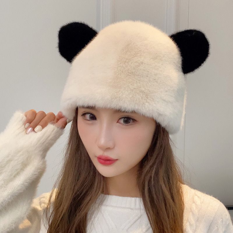 冬用フェイクミンク毛皮のクマ耳付きぬいぐるみ帽子、厚手で暖かく、防風性と耳保護機能付き、冬用厚手で暖かい帽子
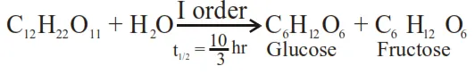 Sucrose hydrolyses in acid solution into glucose and fructose following first order rate law with a half-life of $3.33 \mathrm{~h}$ at $25^{\circ} \mathrm{C}$. After $9 \mathrm{~h}$, the fraction of sucrose remaining is $f$. The value of $\log _{10}\left(\frac{1}{f}\right)$ is $\times 10^{-2}$. (Rounded off to the nearest integer)
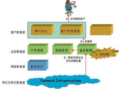 業(yè)務保障系統(tǒng)(如圖3所示)。該系統(tǒng)會隨時監(jiān)控網(wǎng)絡的可用性,當網(wǎng)絡上發(fā)現(xiàn)故障的時候,首先會產(chǎn)生一個故障單,通報故障處理系統(tǒng)和CRM系統(tǒng),同時也會跟資源管理系統(tǒng)進行交互,來實現(xiàn)對資源狀態(tài)的更新。同時在資源管理系統(tǒng)里面定位故障的位置,為盡快修復故障提供便利的手段。前端系統(tǒng)在監(jiān)測到故障的信息以后,能夠主動聯(lián)絡到客戶,并通知客戶由于某種原因客戶所購買的業(yè)務受到一些影響,以及運營商承諾在多長時間內(nèi)修復故障。
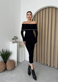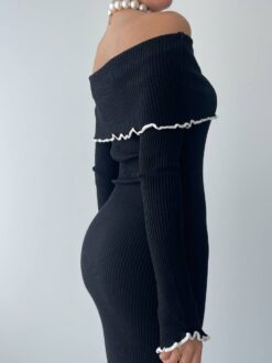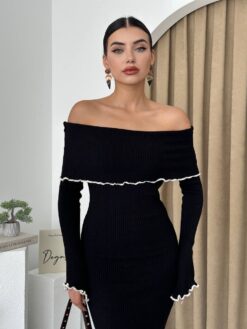 فستان أنيق مصمم بقصة الكتف المكشوفة (off-shoulder) مع أطراف مموجة تضيف لمسة أنثوية ناعمة. الفستان مصنوع من خامة التريكو المرنة، مما يوفر الراحة والتناسب المثالي مع الجسم. يتميز بلونه الأسود الكلاسيكي، مما يجعله خيارًا مثاليًا للمناسبات الأنيقة والإطلالات اليومية الراقية.
□ □ □ □ □
■ Work request:
Transcribe the data word for word, with no images.

■ Problem solution:
 冬用フェイクミンク毛皮のクマ耳付きぬいぐるみ帽子、厚手で暖かく、防風性と耳保護機能付き、冬用厚手で暖かい帽子
 Sucrose hydrolyses in acid solution into glucose and fructose following first order rate law with a half-life of $3.33 \mathrm{~h}$ at $25^{\circ} \mathrm{C}$. After $9 \mathrm{~h}$, the fraction of sucrose remaining is $f$. The value of $\log _{10}\left(\frac{1}{f}\right)$ is $\times 10^{-2}$. (Rounded off to the nearest integer)
 業(yè)務保障系統(tǒng)(如圖3所示)。該系統(tǒng)會隨時監(jiān)控網(wǎng)絡的可用性,當網(wǎng)絡上發(fā)現(xiàn)故障的時候,首先會產(chǎn)生一個故障單,通報故障處理系統(tǒng)和CRM系統(tǒng),同時也會跟資源管理系統(tǒng)進行交互,來實現(xiàn)對資源狀態(tài)的更新。同時在資源管理系統(tǒng)里面定位故障的位置,為盡快修復故障提供便利的手段。前端系統(tǒng)在監(jiān)測到故障的信息以后,能夠主動聯(lián)絡到客戶,并通知客戶由于某種原因客戶所購買的業(yè)務受到一些影響,以及運營商承諾在多長時間內(nèi)修復故障。
 فستان أنيق مصمم بقصة الكتف المكشوفة (off-shoulder) مع أطراف مموجة تضيف لمسة أنثوية ناعمة. الفستان مصنوع من خامة التريكو المرنة، مما يوفر الراحة والتناسب المثالي مع الجسم. يتميز بلونه الأسود الكلاسيكي، مما يجعله خيارًا مثاليًا للمناسبات الأنيقة والإطلالات اليومية الراقية.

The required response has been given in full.